_MATERIAL PROVIDED_:
··········

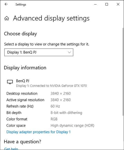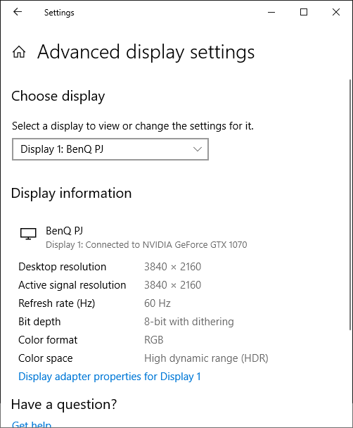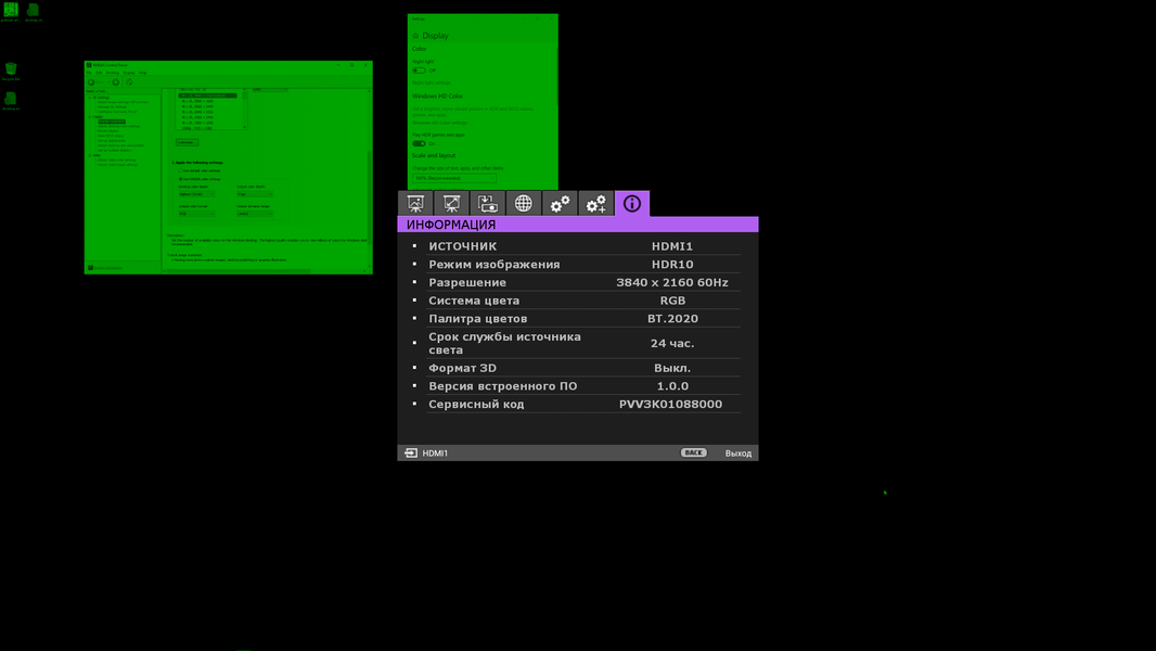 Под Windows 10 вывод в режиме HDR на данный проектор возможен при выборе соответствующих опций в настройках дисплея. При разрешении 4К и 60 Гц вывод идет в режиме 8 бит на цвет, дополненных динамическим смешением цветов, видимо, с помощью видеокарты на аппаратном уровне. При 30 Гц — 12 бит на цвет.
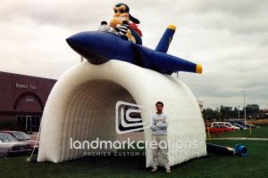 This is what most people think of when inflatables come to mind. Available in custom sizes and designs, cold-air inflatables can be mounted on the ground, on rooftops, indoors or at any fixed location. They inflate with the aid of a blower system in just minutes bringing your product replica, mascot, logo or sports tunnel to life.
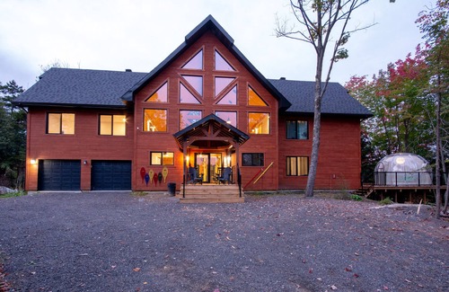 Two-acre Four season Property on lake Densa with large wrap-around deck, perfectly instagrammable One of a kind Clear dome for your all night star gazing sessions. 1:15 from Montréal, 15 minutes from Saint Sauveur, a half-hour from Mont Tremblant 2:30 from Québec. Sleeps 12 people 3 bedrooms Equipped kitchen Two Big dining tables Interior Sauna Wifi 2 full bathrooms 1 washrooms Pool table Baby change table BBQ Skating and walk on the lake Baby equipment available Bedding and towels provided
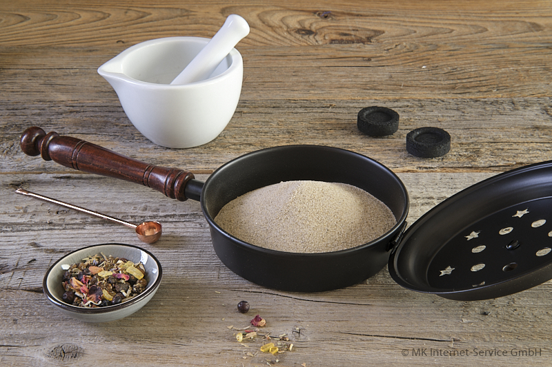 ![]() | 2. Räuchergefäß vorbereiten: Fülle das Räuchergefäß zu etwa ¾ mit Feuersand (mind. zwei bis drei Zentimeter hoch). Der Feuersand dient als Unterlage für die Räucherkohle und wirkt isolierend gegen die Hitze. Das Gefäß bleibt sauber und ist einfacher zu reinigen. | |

··········

_TRY IT_: The copy should run from the first line of the material above through the line with "Two-acre Four season", repeated exactly and without pictures.

_REPLY TO THE TASK_:
 Под Windows 10 вывод в режиме HDR на данный проектор возможен при выборе соответствующих опций в настройках дисплея. При разрешении 4К и 60 Гц вывод идет в режиме 8 бит на цвет, дополненных динамическим смешением цветов, видимо, с помощью видеокарты на аппаратном уровне. При 30 Гц — 12 бит на цвет.
 This is what most people think of when inflatables come to mind. Available in custom sizes and designs, cold-air inflatables can be mounted on the ground, on rooftops, indoors or at any fixed location. They inflate with the aid of a blower system in just minutes bringing your product replica, mascot, logo or sports tunnel to life.
 Two-acre Four season Property on lake Densa with large wrap-around deck, perfectly instagrammable One of a kind Clear dome for your all night star gazing sessions. 1:15 from Montréal, 15 minutes from Saint Sauveur, a half-hour from Mont Tremblant 2:30 from Québec. Sleeps 12 people 3 bedrooms Equipped kitchen Two Big dining tables Interior Sauna Wifi 2 full bathrooms 1 washrooms Pool table Baby change table BBQ Skating and walk on the lake Baby equipment available Bedding and towels provided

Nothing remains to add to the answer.